▶ **WHAT IS NEEDED**: Nothing but the lines below from the one containing "Why You Will" through the one containing "Of the remaining" should appear in the answer, exact and without pictures.

▶ **EXERCISE DATA**:
▬▬▬
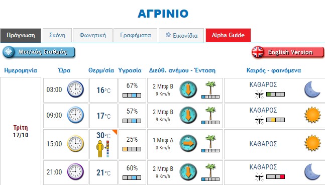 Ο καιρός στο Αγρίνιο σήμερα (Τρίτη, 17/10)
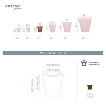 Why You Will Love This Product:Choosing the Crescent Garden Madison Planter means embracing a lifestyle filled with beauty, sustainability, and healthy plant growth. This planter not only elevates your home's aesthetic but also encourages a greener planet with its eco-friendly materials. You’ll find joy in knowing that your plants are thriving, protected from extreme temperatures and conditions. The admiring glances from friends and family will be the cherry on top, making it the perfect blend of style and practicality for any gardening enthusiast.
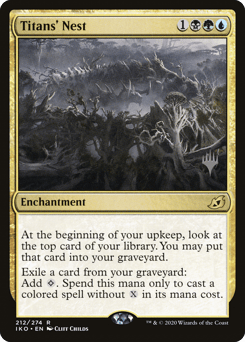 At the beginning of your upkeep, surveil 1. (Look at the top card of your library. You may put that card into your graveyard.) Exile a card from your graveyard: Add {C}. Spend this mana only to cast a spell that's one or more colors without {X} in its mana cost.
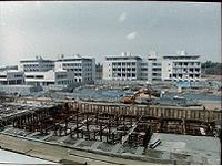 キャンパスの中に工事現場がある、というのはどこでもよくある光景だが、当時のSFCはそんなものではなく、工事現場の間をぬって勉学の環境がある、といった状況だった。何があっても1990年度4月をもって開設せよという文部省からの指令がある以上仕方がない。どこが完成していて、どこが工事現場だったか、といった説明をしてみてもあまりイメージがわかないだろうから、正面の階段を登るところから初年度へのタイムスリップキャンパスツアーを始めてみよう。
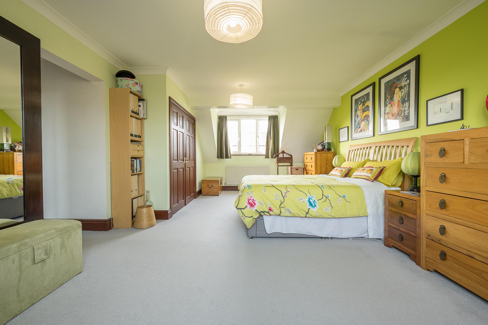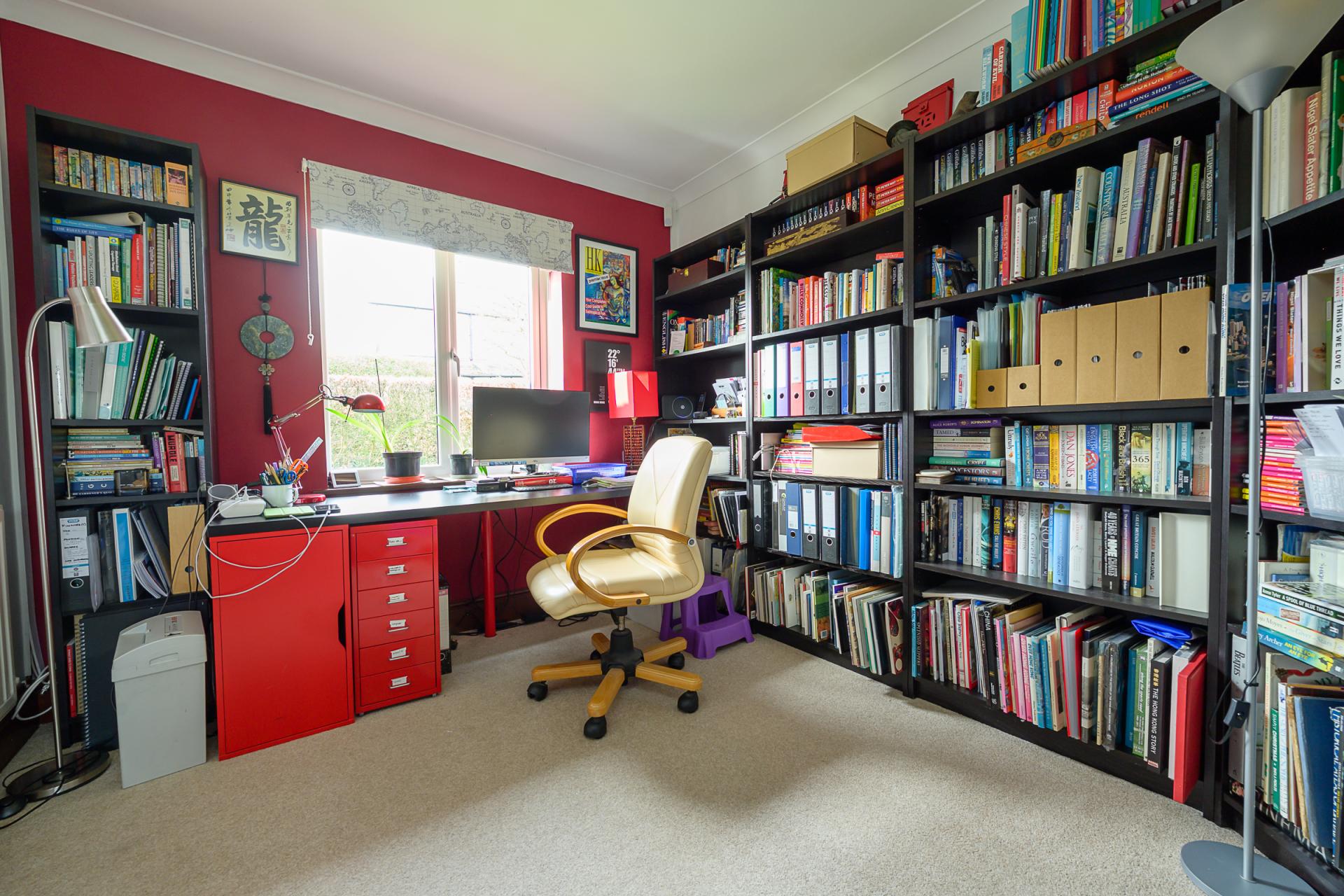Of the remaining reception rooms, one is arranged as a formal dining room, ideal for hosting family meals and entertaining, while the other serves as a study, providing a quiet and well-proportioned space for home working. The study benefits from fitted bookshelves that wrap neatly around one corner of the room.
▬▬▬
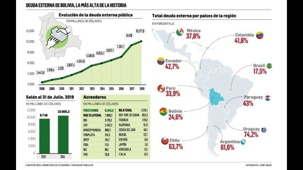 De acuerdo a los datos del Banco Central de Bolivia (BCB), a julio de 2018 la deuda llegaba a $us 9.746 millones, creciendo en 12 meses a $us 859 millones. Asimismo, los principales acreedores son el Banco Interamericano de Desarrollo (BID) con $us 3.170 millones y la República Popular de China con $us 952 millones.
▬▬▬
▶ **OUTPUT FOR THIS EXERCISE**:
 Why You Will Love This Product:Choosing the Crescent Garden Madison Planter means embracing a lifestyle filled with beauty, sustainability, and healthy plant growth. This planter not only elevates your home's aesthetic but also encourages a greener planet with its eco-friendly materials. You’ll find joy in knowing that your plants are thriving, protected from extreme temperatures and conditions. The admiring glances from friends and family will be the cherry on top, making it the perfect blend of style and practicality for any gardening enthusiast.
 At the beginning of your upkeep, surveil 1. (Look at the top card of your library. You may put that card into your graveyard.) Exile a card from your graveyard: Add {C}. Spend this mana only to cast a spell that's one or more colors without {X} in its mana cost.
 キャンパスの中に工事現場がある、というのはどこでもよくある光景だが、当時のSFCはそんなものではなく、工事現場の間をぬって勉学の環境がある、といった状況だった。何があっても1990年度4月をもって開設せよという文部省からの指令がある以上仕方がない。どこが完成していて、どこが工事現場だったか、といった説明をしてみてもあまりイメージがわかないだろうから、正面の階段を登るところから初年度へのタイムスリップキャンパスツアーを始めてみよう。
Of the remaining reception rooms, one is arranged as a formal dining room, ideal for hosting family meals and entertaining, while the other serves as a study, providing a quiet and well-proportioned space for home working. The study benefits from fitted bookshelves that wrap neatly around one corner of the room.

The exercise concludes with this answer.